British Gas owner scraps controversial standard variable tariff

British Gas owner Centrica is to scrap its widely criticised standard variable tariff (SVT) for new customers from April, and other energy companies are expected to follow suit.

The company is the third of the big six suppliers to announce the end of its SVT following announcements from E.on and Scottish Power.

Theresa May promised action last month to end “rip-off energy prices”, proposing a price cap on SVTs and other default tariffs – the expensive plans that customers are moved to when cheaper fixed deals end. Britain’s competition watchdog found that consumers were being overcharged by £1.4bn a year, a figure that Centrica contests.

The company said it would stop offering the SVT on 31 March, offering new customers a choice of at least two three-year fixed tariffs instead. “This will result in a broader range of better deals with fewer people on default tariffs,” it said. “And if standard variable tariffs could be ended completely then the effects would be market-wide.”

Around 5m of British Gas customers are currently on SVTs. Household energy bills have doubled in Britain over the past decade and now average £1,200 a year.

The company will set up a new 12-month default tariff with no exit fees for customers that do not pick a new contract when their existing one expires. Centrica said it was working with the regulator on whether the default tariff should be a fixed or variable price.
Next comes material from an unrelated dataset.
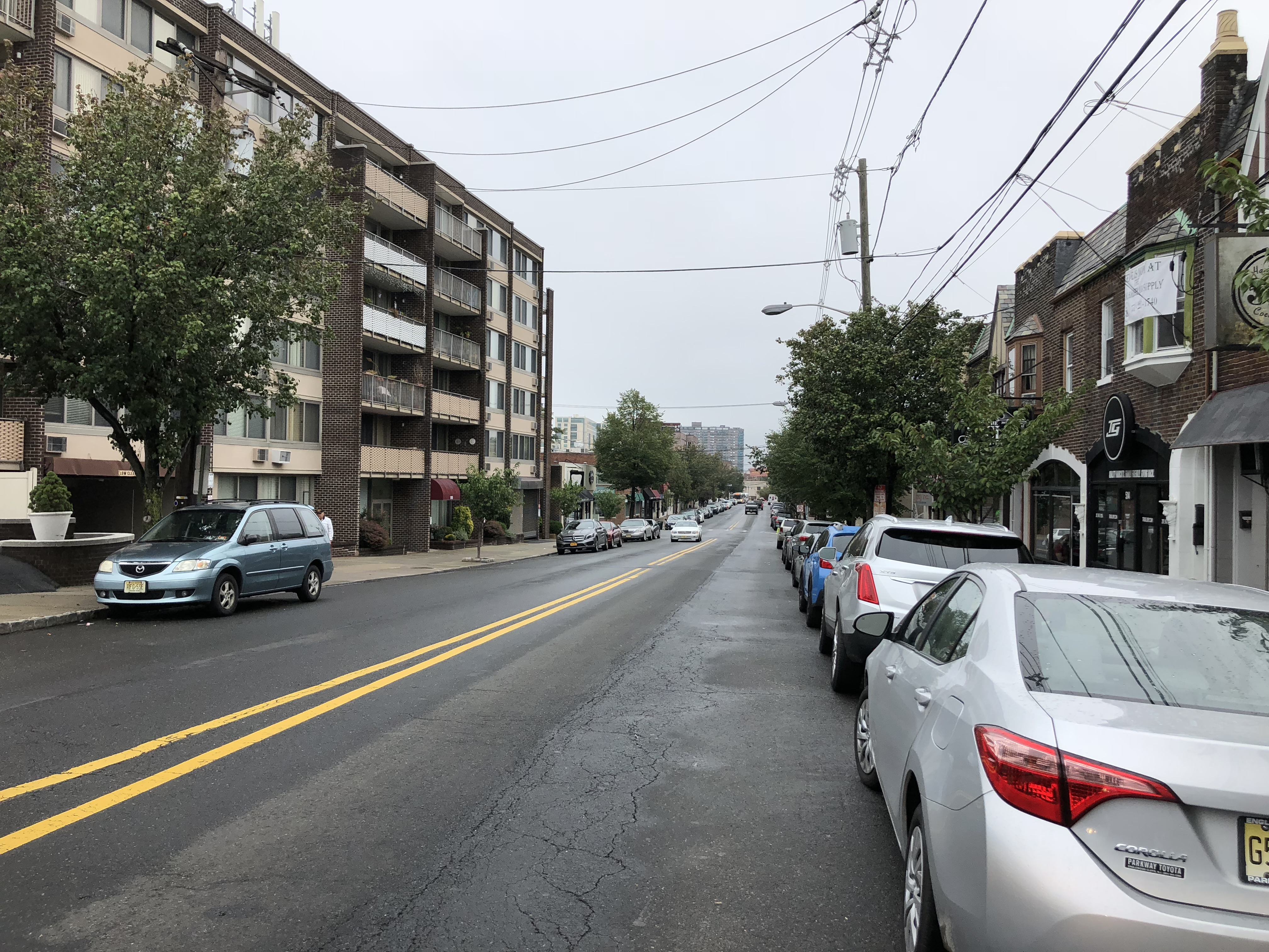 View north along Bergen County Route 29 (Anderson Avenue) between Bergen County Route 50 (Edgewater Road) and Greenmount Avenue in Cliffside Park, Bergen County, New Jersey

Gillian Guy, the Citizens Advice chief executive, welcomed the move but said consumers still needed additional protections, including a price cap.
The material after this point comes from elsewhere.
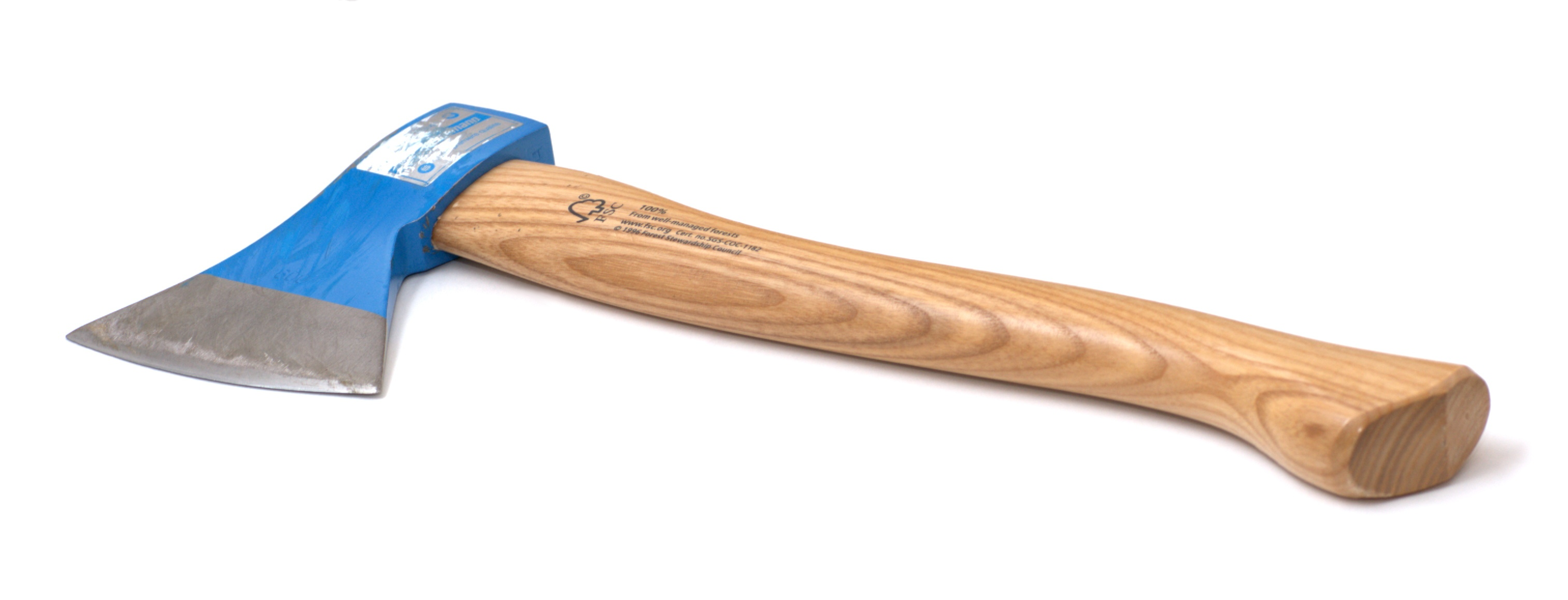 Kitchen hatchet, sharpened for wood working (bowsmith use)

Peter Earl, head of energy at, said: “The writing is on the wall for SVTs. With three of the big six scrapping them, we expect the others to follow suit. The fact that British Gas is only scrapping SVTs for new customers from April suggests that millions of customers from various suppliers may remain on these tariffs for the foreseeable future. SVTs represent woefully poor value for money and few tears will be shed at their demise.”
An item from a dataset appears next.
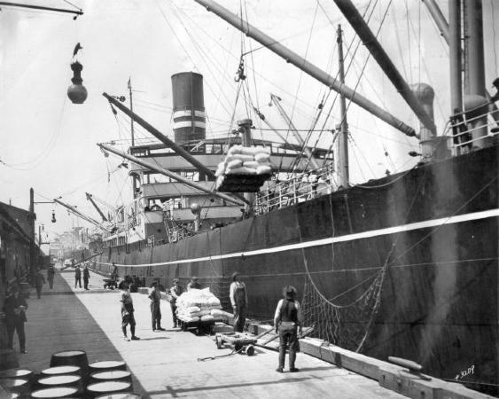 Workers loading sacks of flour by crane onto the vessel SS "Africa Maru", circa. 1926. Item number: PA096.002. Vancouver Maritime Museum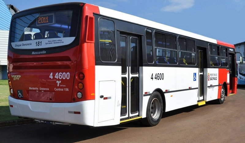 Veículo novo da Novo Horizonte

He said consumers would save an average of £300 a year if they switched from an SVT to a fixed tariff.

The government has put forward legislation to cap the energy bills of 11m households for as long as five years, which the Conservatives claim could save people up to £100 a year. The measure, which will not take effect until 2019 at the earliest, will apply to anyone on a standard variable tariff.

Centrica reiterated its opposition to price caps, arguing that they lead to reduced competition and choice, and lead to prices that tend to cluster around the cap.

Stephen Murray, energy expert at, said Centrica’s move highlighted that change within the industry was “much more effective than a one-size-fits-all price cap, which could have unintended consequences such as many of the best deals disappearing, prices finding a higher level, and a growing market of disengaged customers”.

Greg Jackson, chief executive of rival supplier Octopus Energy, which invests in solar generation, described the move as a “ruse”.

“If they wanted to bring lower bills to customers, they could just cut their prices.

Instead, they’re bringing in an ever more complex array of high fixed tariffs making it even harder for customer to know whether they’re getting good value.”